- TASK ITEM -
Your job is to print, exactly, the lines in the data below from the line with "NovaTechnum - Modèle" through the line with "Kırmızı kalpli renkli", both included, and to omit any picture.

[[ RECORDS SHOWN, beginning ]]

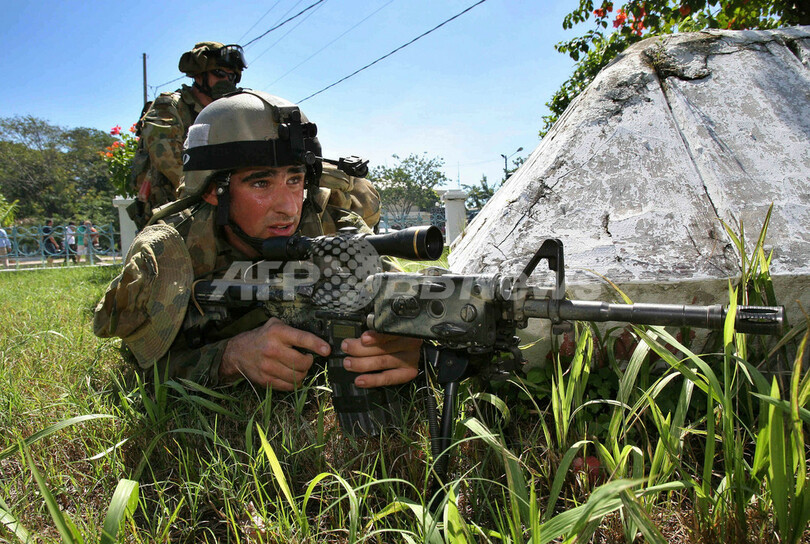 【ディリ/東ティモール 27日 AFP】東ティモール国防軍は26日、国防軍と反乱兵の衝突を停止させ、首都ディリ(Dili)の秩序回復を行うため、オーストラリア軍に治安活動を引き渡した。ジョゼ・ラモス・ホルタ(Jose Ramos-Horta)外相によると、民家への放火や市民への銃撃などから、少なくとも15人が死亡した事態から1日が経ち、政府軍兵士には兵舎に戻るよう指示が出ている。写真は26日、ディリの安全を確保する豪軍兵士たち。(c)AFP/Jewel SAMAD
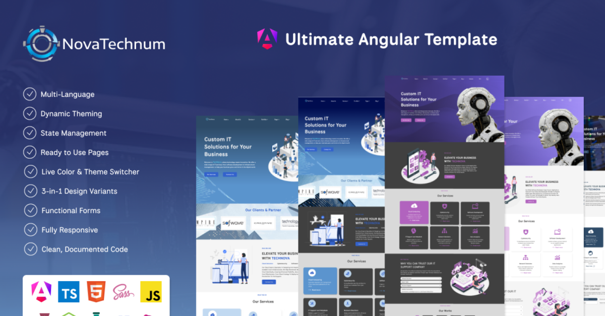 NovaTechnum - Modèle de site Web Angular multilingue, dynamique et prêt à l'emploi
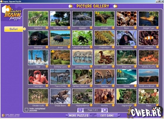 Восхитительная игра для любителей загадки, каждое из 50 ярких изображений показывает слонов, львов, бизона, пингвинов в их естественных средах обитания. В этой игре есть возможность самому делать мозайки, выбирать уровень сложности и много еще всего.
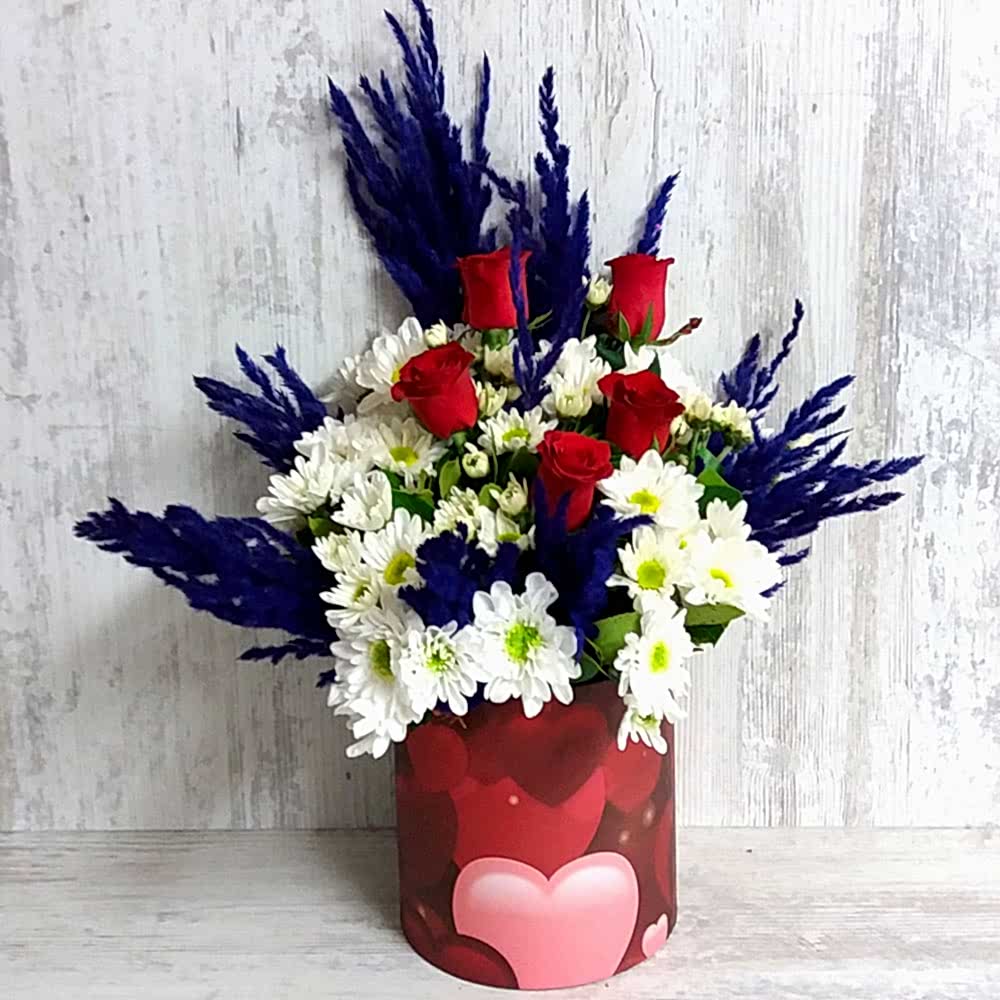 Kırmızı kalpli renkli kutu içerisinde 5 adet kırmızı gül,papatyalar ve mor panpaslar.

[[ RECORDS SHOWN, end ]]
[[ RECORDS SHOWN, beginning ]]

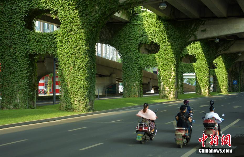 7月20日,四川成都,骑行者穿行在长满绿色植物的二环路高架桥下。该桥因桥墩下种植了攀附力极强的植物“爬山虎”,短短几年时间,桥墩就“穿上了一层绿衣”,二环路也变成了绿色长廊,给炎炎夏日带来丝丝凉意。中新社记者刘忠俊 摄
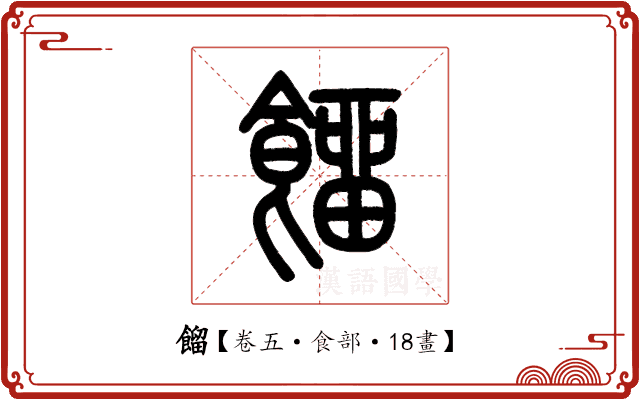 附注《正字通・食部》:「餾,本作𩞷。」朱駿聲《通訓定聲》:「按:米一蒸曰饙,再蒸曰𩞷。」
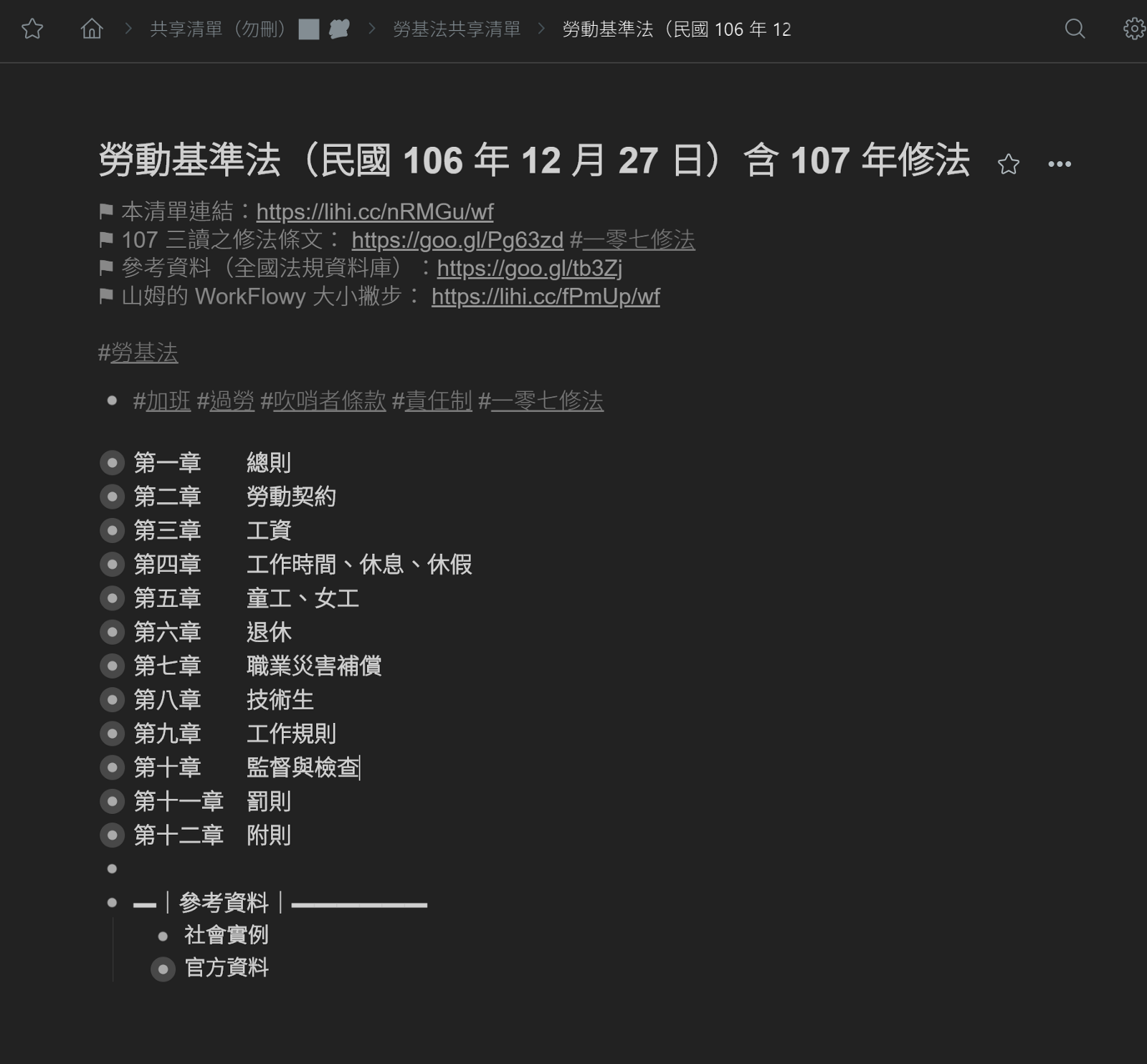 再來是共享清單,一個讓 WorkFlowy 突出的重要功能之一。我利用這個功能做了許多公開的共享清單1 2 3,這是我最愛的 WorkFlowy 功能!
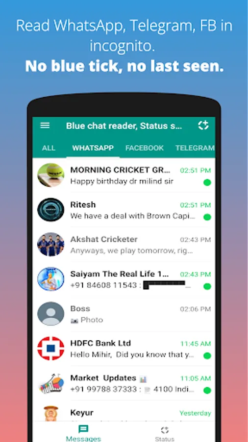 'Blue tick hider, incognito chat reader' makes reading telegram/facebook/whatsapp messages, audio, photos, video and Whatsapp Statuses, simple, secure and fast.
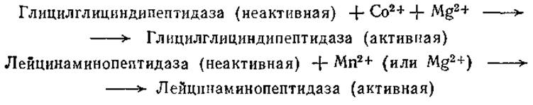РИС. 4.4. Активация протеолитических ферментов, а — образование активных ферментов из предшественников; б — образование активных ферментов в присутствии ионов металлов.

[[ RECORDS SHOWN, end ]]

- FINAL ANSWER -
 NovaTechnum - Modèle de site Web Angular multilingue, dynamique et prêt à l'emploi
 Восхитительная игра для любителей загадки, каждое из 50 ярких изображений показывает слонов, львов, бизона, пингвинов в их естественных средах обитания. В этой игре есть возможность самому делать мозайки, выбирать уровень сложности и много еще всего.
 Kırmızı kalpli renkli kutu içerisinde 5 adet kırmızı gül,papatyalar ve mor panpaslar.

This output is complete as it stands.